European stocks dropped and government bonds sold off sharply after the bloc’s central bank left the door open to an extra large interest rate rise in September.
The regional Stoxx 600 share index extended losses from earlier in the day to trade 1.3 per cent lower. A FTSE index of Italian stocks tumbled 2.4 per cent and Germany’s Xetra Dax lost 1.6 per cent.
Yields on German, Italian, Spanish and Greek government bonds also raced higher as investors worried about the economic fallout from the end of ultra-supportive monetary policies.
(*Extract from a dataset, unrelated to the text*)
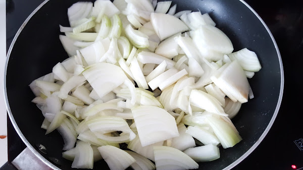2. - Mientras, troceamos la cebolla y la ponemos en una sartén con un poco de aceite, a fuego medio.

The European Central Bank said in a monetary policy statement that it would lift its main deposit rate from minus 0.5 per cent by a quarter point in July and by another unspecified amount in September.
“If the medium-term inflation outlook persists or deteriorates, a larger increment will be appropriate at the September meeting,” the ECB said.
The central bank, which has also bought up vast quantities of eurozone government bonds in recent years to lower financing costs, confirmed in the same breath that it would end net purchases from July 1 and upgraded its inflation forecasts.
“These are all hawkish signals so there is hawkish market pricing,” said Gero Jung, chief economist at Mirabaud Asset Management.
Germany’s 10-year Bund yield, which sets borrowing costs in the eurozone, rose 0.08 percentage points to 1.43 per cent, hitting a new eight-year high. Italy’s equivalent debt yield surged by 0.23 percentage points to 3.69 per cent, more than triple its level at the start of the year. Bond yields rise as their prices fall.
“Its quite a shift [in Europe] coming after years of low inflation,” said Juliette Cohen, strategist at CPR Asset Management. Rising rates would “in fact cause quite a challenging environment for countries like Italy, which have large amounts of debt and subdued growth prospects,” she said.
The gap between Italy and Germany’s borrowing costs, as expressed by the nation’s 10-year bond yields, hit its highest since May 2020 at 2.15 percentage points after the monetary policy statement.
The eurozone central bank is tightening monetary policy as part of a global shift to higher borrowing costs to battle inflation, which began rising in 2021 as coronavirus shutdowns ended and has been exacerbated by Russia’s invasion of Ukraine.
US data on Friday are expected to show the annual pace of consumer price rises in the world’s largest economy held at above 8 per cent in May.
Wall Street stocks followed Europe lower on Thursday, while Treasury bonds also dropped in price. The blue-chip S&P 500 share index lost 0.4 per cent in early dealings and the tech-heavy Nasdaq Composite fell 0.5 per cent.
The 10-year US Treasury yield rose 0.02 percentage points to 3.04 per cent, while the policy-sensitive two-year yield rose 0.03 percentage points to 2.81 per cent.
In Asia, a broad FTSE index of equities outside Japan fell 0.8 per cent, while the Nikkei 225 in Tokyo closed flat. The Japanese yen touched a new 20-year low against the dollar of ¥134.55 before settling back to ¥133.7.
Traders are betting against the Japanese currency after Bank of Japan governor Haruhiko Kuroda said, in claims that he later withdrew, that consumers were “tolerant” of rising prices.
Brent crude, the oil benchmark, edged 0.4 per cent lower to $123.08 a barrel, having advanced more than 50 per cent so far this year.